Table 15 shows step-by-step improvements in accuracy, F-measure, G-means, and AUC on these 100 samples. The first step, CNN feature extraction, acts as the baseline and uses standard classification. This setup achieves an accuracy of 84.26% and an AUC of 0.702. These results demonstrate that without FS or hyperparameter tuning, the model is unable to capture the fine variations in facial features that are useful for criminal identification.
After adding FS using PPO, the accuracy increases from 84.26% to 92.42%, representing a 9.16% improvement. AUC also rises from 0.702 to 0.825, about a 17.5% relative gain. This improvement results from dynamic FS using Off-policy PPO. It addresses class imbalance by rewarding detections of the minority class more and penalizing features that are irrelevant or redundant. As a result, the model creates a more useful feature space and reduces classification errors.
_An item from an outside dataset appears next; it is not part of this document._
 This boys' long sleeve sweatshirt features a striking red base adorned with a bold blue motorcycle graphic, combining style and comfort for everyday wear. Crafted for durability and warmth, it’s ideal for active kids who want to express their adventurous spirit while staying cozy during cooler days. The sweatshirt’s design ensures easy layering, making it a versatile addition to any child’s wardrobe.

In the final stage, we include all three components: CNN feature extraction, PPO-based FS, and DE HO with cluster-guided mutation. Accuracy increases to 96.10% (a 4% gain over PPO alone), F-measure reaches 98.64%, and AUC improves to 0.919. This represents an 11.4% gain compared to the initial CNN step. These results demonstrate that DE optimization adjusts the model parameters to strike a balance between exploration and exploitation. This improves generalization and ensures stable training.
The progressive improvement across the three stages highlights the contribution of each component in the framework. CNN extracts the initial baseline features. Off-policy PPO improves the model by selecting more discriminative features and handling class imbalance. Finally, DE fine-tuning enables the model to reach an optimal configuration, thereby improving reliability in criminal suspect identification.
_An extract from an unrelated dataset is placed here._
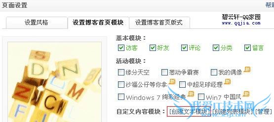 2)在“页面设置”中选择"设置博客首页模版",在其中"自定义内容模块"内选择"创建文本模块";

Analysis of the proposed DE
This section examines the effectiveness of the proposed DE algorithm in comparison to several widely used methods for hyperparameter tuning. The analysis is conducted with consistent model components across all evaluations. The study contrasts the proposed DE algorithm with four conventional search strategies, including random search, grid search, and Hyperband, Bayesian optimization (BO), and six established methods, including the salp swarm algorithm (SSA), HMS, cuckoo optimization algorithm (COA), firefly algorithm (FA), bat algorithm (BA), artificial bee colony (ABC), and original DE. Tables 16 and 17 present a comparative summary of HO results on the CelebA and LFW datasets.
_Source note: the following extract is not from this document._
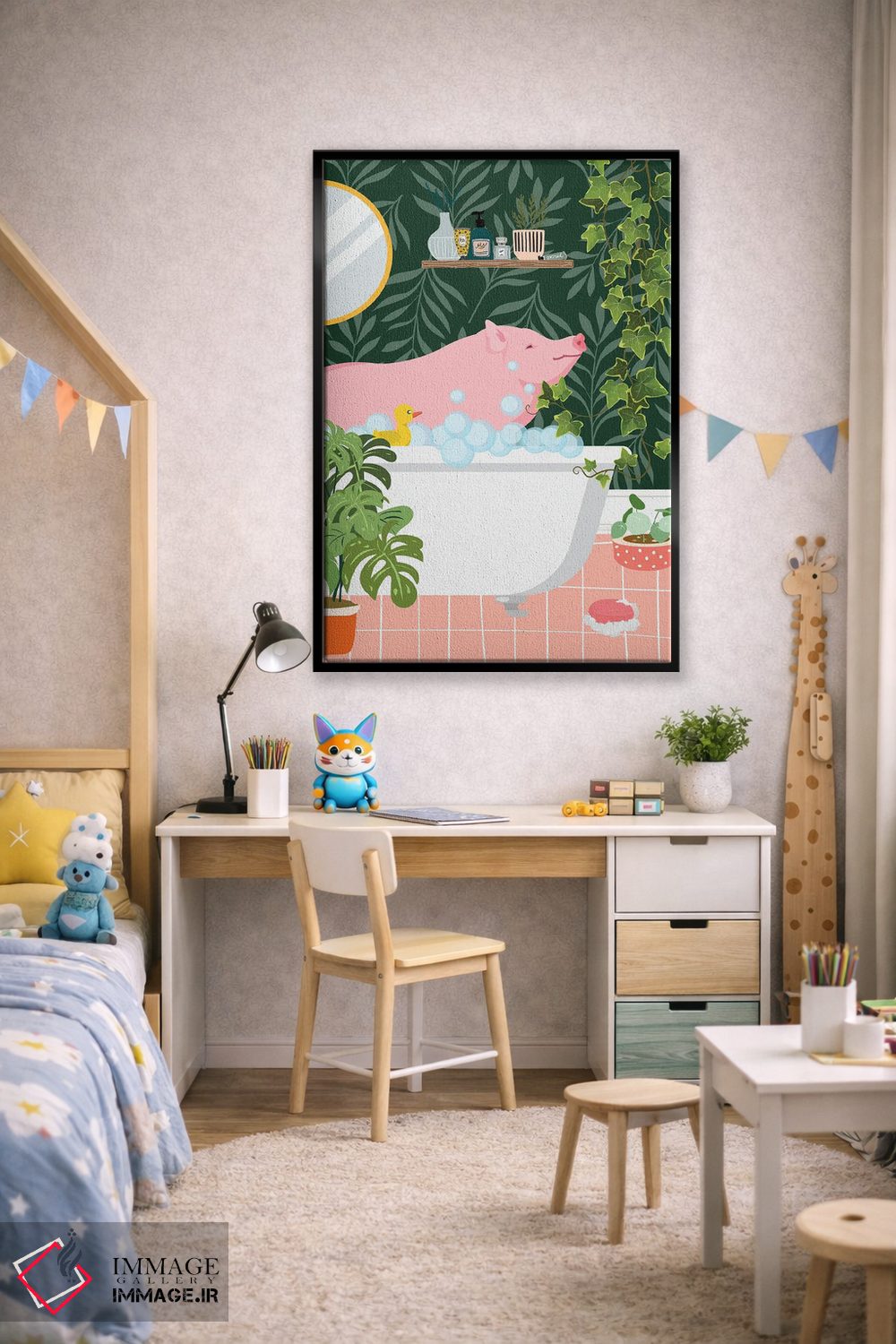 برای دیوارهای ساده، «خوک در حال حمام گرفتن در حمام گیاهی» اثرِ «ژانیا شاریپژانوا» بدون کودکانه شدن، بازیگوش و خوشپرداخت میماند؛ برای خانههایی با چوب و پارچههای گرم انتخابی خوشسلیقه است. با نورپردازی نقطهای، جذابتر هم میشود.

Advanced metaheuristic algorithms produce better results by utilizing stochastic behavior and population-based search. ABC improves CelebA accuracy by 17.4%, and BA by 15.9%, compared to grid search. On the LFW dataset, ABC reaches 81.24%, which is 11.1% better than Hyperband. However, some methods, such as FA and COA, converge slowly and sometimes stagnate. The lack of targeted exploitation in high-quality regions of the hyperparameter space is the cause of these issues. The original DE also shows strong results, achieving 80.15% accuracy on CelebA and 82.32% on LFW. Still, it does not fully leverage interactions among parameters in specific clusters.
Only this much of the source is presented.